You're my type: Python, meet static typing

(originally published: 2020-09-19)

If you’re writing Python code in a production environment, it’s quite likely that you have been using type hints or static type checking. Why do we need these tools? How can you use them when you’re developing your own project? I hope to answer these questions in this blogpost.

The why

Python was designed as a dynamically typed language - the developer should be able to solve the problems quickly, iterating quickly in the interactive REPL. The type system will work things out transparently for the developer.

def checkConstraintsList2(solution, data):
    """
    This is an actual excerpt from a BEng thesis, python2 style.
    Trying to infer the data types is painful, so is debugging or
    extending this snippet.
    :param solution:
    :param data:
    """
    for slot in range(0, data.periodsPerDay * data.daysNum):
        for lecture in solution[slot]:
            for constraint in data.getConstraintsForCourse(lecture[0]):
                if slot == solution.mapKeys(constraint):
                    print "Violation lecture", lecture, "slot", slot

Ugly Python2-style snippet from an ML project.
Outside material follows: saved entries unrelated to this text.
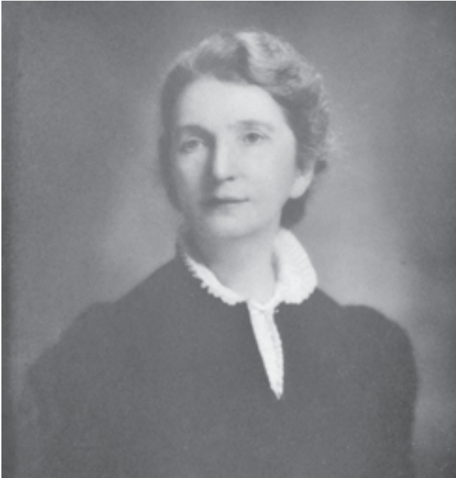
Margaret Sanger around 1938 (From Sanger 35 ). All authorized published photographs, including this one, were staged in an attempt to show Mrs Sanger as a conservative, serious, middle class and very respectable lady.

if those who are weak were put upon one side and crushed, if those who were old and useless were killed, if those who were not capable of providing food for themselves were allowed to starve, if all this were done, the struggle for existence among men would be as real as it is among brutes and would doubtless result in the production of a higher race of men. 40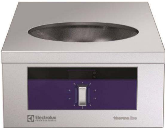
588025 (MAIHAAEOAO) Induction wok, 1 zone, one-side operated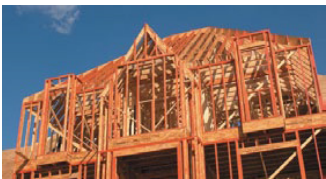
LP SOLIDSTART ENGINEERED WOOD PRODUCTS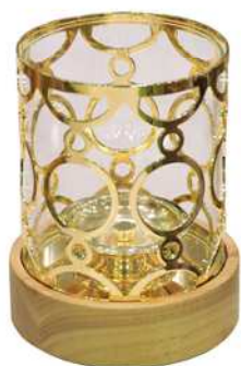
PRODUCT CODE: LIO -091810X-F DESCRIPTION: CANDLE HOLDER MODEL NO: MZ4080S DIMENSION: DIA. 16 X 19.5 H CM. FINISH COLOR: METAL+GLASS CLASSIFICATION : TRANSITIONAL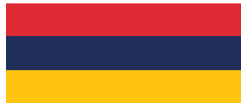
Royal New Zealand Army Medical Corps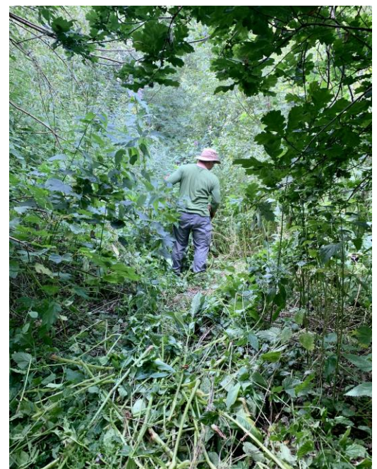
Deep in a 'jungle' of invasive Himalayan Balsam at Warnham Nature Reserve.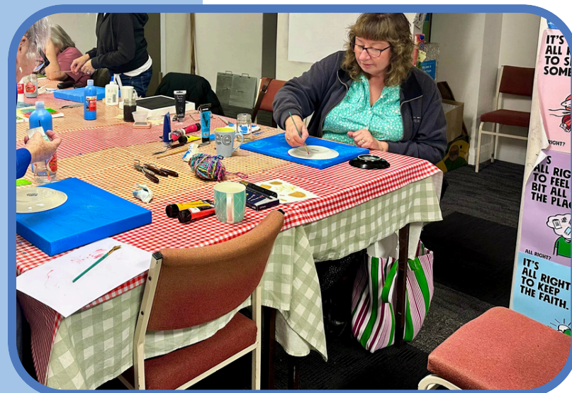
Textured Acrylic - Student work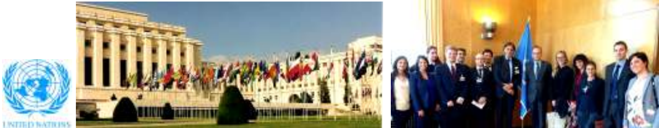
AESI DELEGATION WITH THE UNOG GENERAL DIRECTOR IN GENEVA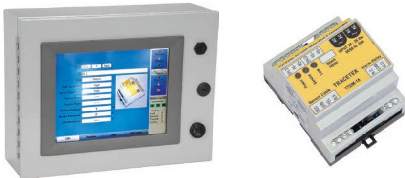
Figure 9. Locating Alarm Modules

Other module types include modules that connect multiple cables, probes and other sensors and include detection and full location capabilities. A wide variety of user interfaces are also available. In most cases, these modules are connected to Building Management Systems (BMS) or similar instrumentation or security monitoring systems. Many of these modules can be programmed to take immediate action such as shutting off power or turning off a liquid flow valve to minimize damage and safety hazards.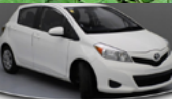
2012 TOYOTA YARIS L $12,988 12881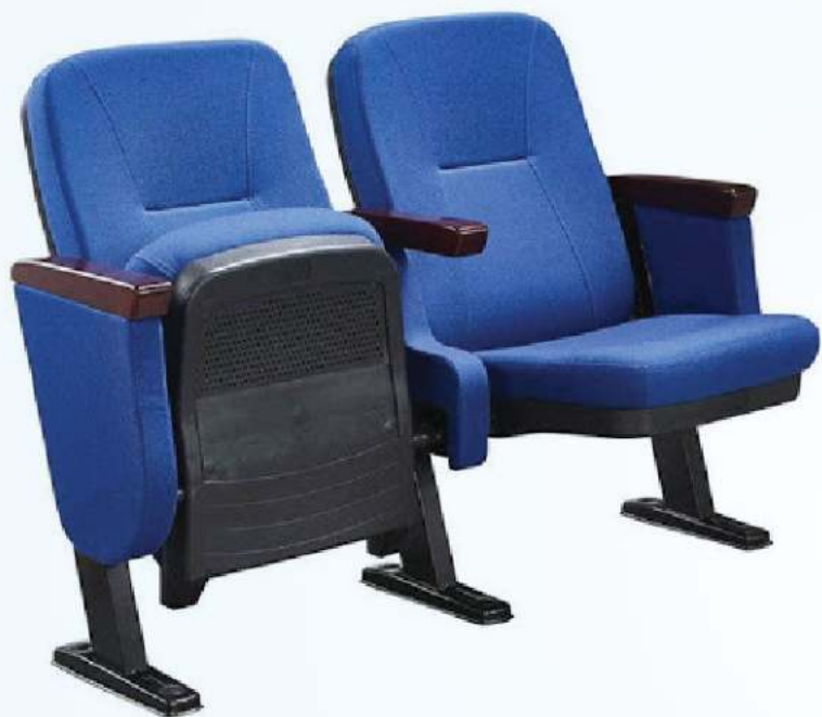
Auditorium chair STO-WB436FF

Non-trivial data-structures make reading this a horrible experience.

This approach works great for tiny, non-critical codebases, with a limited number of developers. Since even Google was at some point in time a tiny, non-critical codebase I’d advise you not to follow this path.

The how

PEP484 added type comments as a standardized way of adding type information to Python code.

def weather(celsius): # type: (Optional[float]) -> Union[str, Dict[str, str]]
    if celsius is None:
        return "I don’t know what to say"
    return (
        "It’s rather warm"
        if celsius > 20 else {"opinion": "Bring back summer :/"}
    )

The separation of the identifier and type hint makes it hard to read.

This used to be the only way to add types to Python codebase until Python 3.6 got released, adding optional type hints to it’s grammar:

from typing import Dict, Optional, Union

def weather(celsius: Optional[float]) -> Union[str, Dict[str, str]]:
    if celsius is None:
        return "I don’t know what to say"
    return (
        "It’s rather warm"
        if celsius > 21 else {"opinion": "Bring back summer :/"}
    )

Much better. Please note - this code example introduced some additional import statements. These are not free, since Python interpreter needs to load code for that import, resulting in some barely noticeable overhead, depending on your codebase.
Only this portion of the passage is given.